PyData Global 2023

Introduction to Machine Learning Pipelines: How to Prevent Data Leakage and Build Efficient Workflows
12-08, 18:30–20:30 (UTC), Machine Learning Track

This webinar will introduce machine learning pipelines and discuss their importance in building efficient and robust workflows. It will explain how pipelines help to prevent data leakage and ensure model stability by allowing for proper separation of training, validation, and test data. Through a blend of theory and practice, it will provide and explain code chunks in Python using well-known open-source packages like scikit-learn (pipeline and column transformers) and feature-engine to ensure a complete understanding of the .fit(), .transform(), and .predict() methods. By the end of this webinar, the audience will have a solid understanding of the theory behind machine learning pipelines and practical examples of using them effectively in their projects.


Objective:
By the end of this session, participants will have a comprehensive understanding of machine learning pipelines, equipped with the knowledge to prevent data leakage and build efficient, robust ML models using a range of tools and libraries relevant to today's data science landscape (focus on scikit-learn).

Introduction:

This workshop will commence with an overview of the machine learning (ML) project lifecycle, emphasizing the critical role of model validation. Key attention will be given to defining and understanding data leakage – its causes, consequences, and prevention strategies.

Hands-on learning:

Participants will engage in practical exercises demonstrating the nuances of data preprocessing and model training.
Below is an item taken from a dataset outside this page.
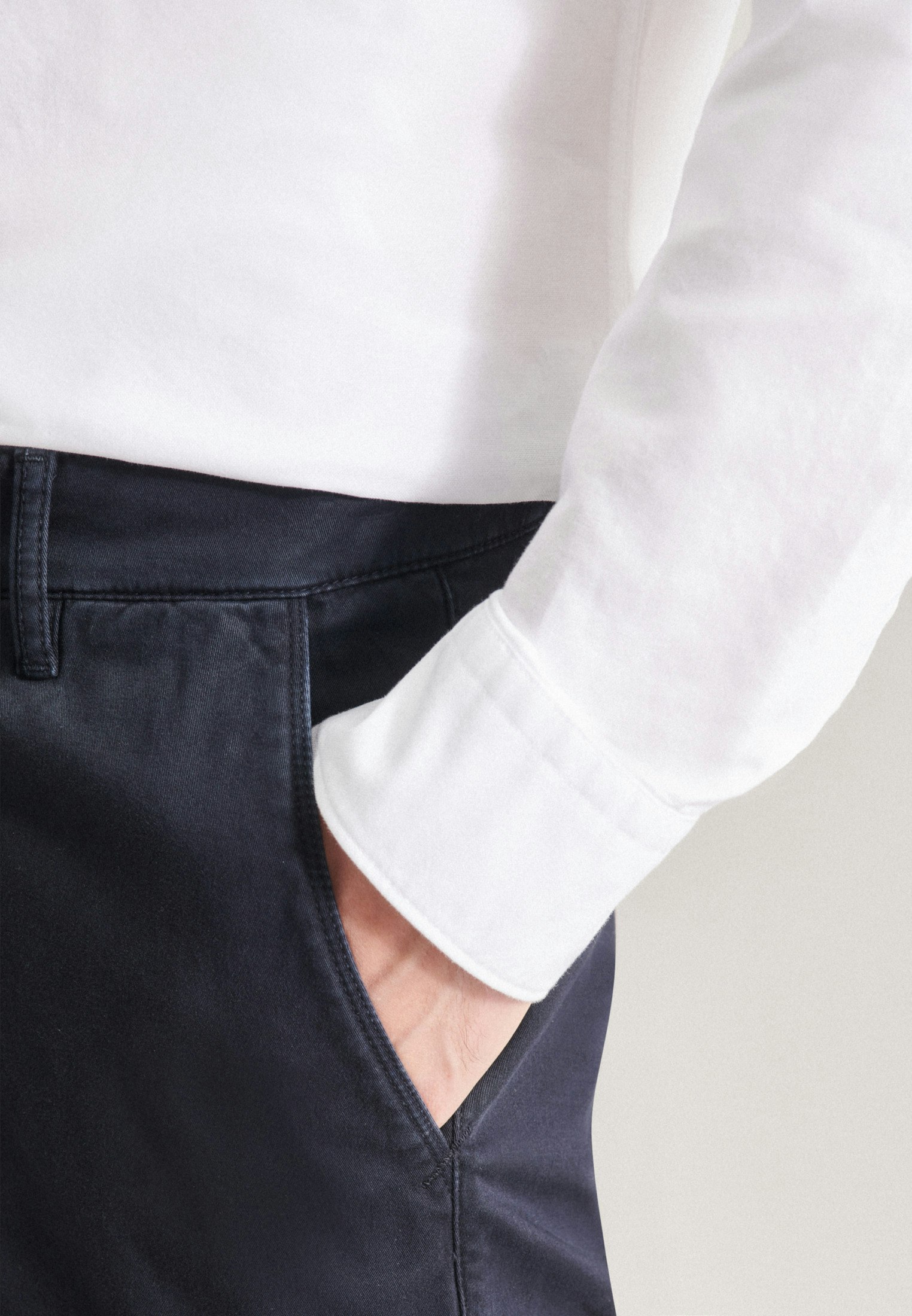 : Sorgen Sie für ein stilvolles Erscheinungsbild mit der Chinohose von Seidensticker. Der besonders hochwertig gewebte Twill / Moleskin ist aus einer Baumwollmischung, komfortabel zu tragen und mit schräg umlaufender Struktur sehr griffig. Das Uni-Muster macht sie zu einem absoluten Must-have. Zeigen Sie smartes Stilgefühl mit einer Chinohose, die Ihrem Outfit einen modischen Akzent gibt. Für Liebhaber von eleganten Looks ist diese Langarm-Chinohose eine sehr gute Wahl.

These activities are designed to illustrate the occurrence of data leakage, how to identify it, and effective strategies to prevent it.

The workshop will compare and contrast methods to avert data leakage, both with and without the use of pipelines. Participants will gain insights into the additional steps required when not using pipelines and understand the benefits of implementing the scikit-learn pipeline in their workflows.
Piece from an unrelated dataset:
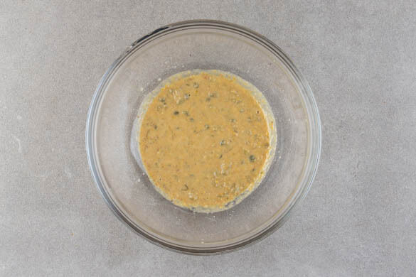 Das Tahini mit den Kapern, dem Knoblauch, der ½ der Hefeflocken, 1TL Zitronenschale, 2–3EL Zitronensaft, 1TL Senf und 1EL Pflanzenöl verrühren. 1–2EL Wasser unterrühren, bis das Dressing die gewünschte Konsistenz hat. Mit Salz und Pfeffer abschmecken.

We will explore how essential libraries like Scikit-learn, Feature-engine, and Imbalanced-learn, integrate into this process. The workshop will provide practical examples using these tools, from basic to relatively complex pipeline implementations.

Towards the conclusion, the workshop will delve into how advanced autoML libraries like PyCaret employ pipelines. Additionally, we will quickly explore the application of pipeline conventions in other libraries, such as Spark ML, to highlight the widespread use and importance of this approach in various ML ecosystems.


Prior Knowledge Expected

Previous knowledge expected

Hi, my name is Cainã,
I'm the father of a human, a dog, and a cat.
I love traveling and gathering around with family and friends.

Professionally speaking, as a data scientist with a PhD in bioinformatics and over ten years of working on relevant projects, I developed a strong data science and analytics foundation. I have spent the last few years working at world‑renowned companies, developing end‑to‑end machine learning applications. Additionally, driven by my passion for knowledge, I've taught specialized courses in various data science topics. I am always eager to apply my expertise and create meaningful impacts.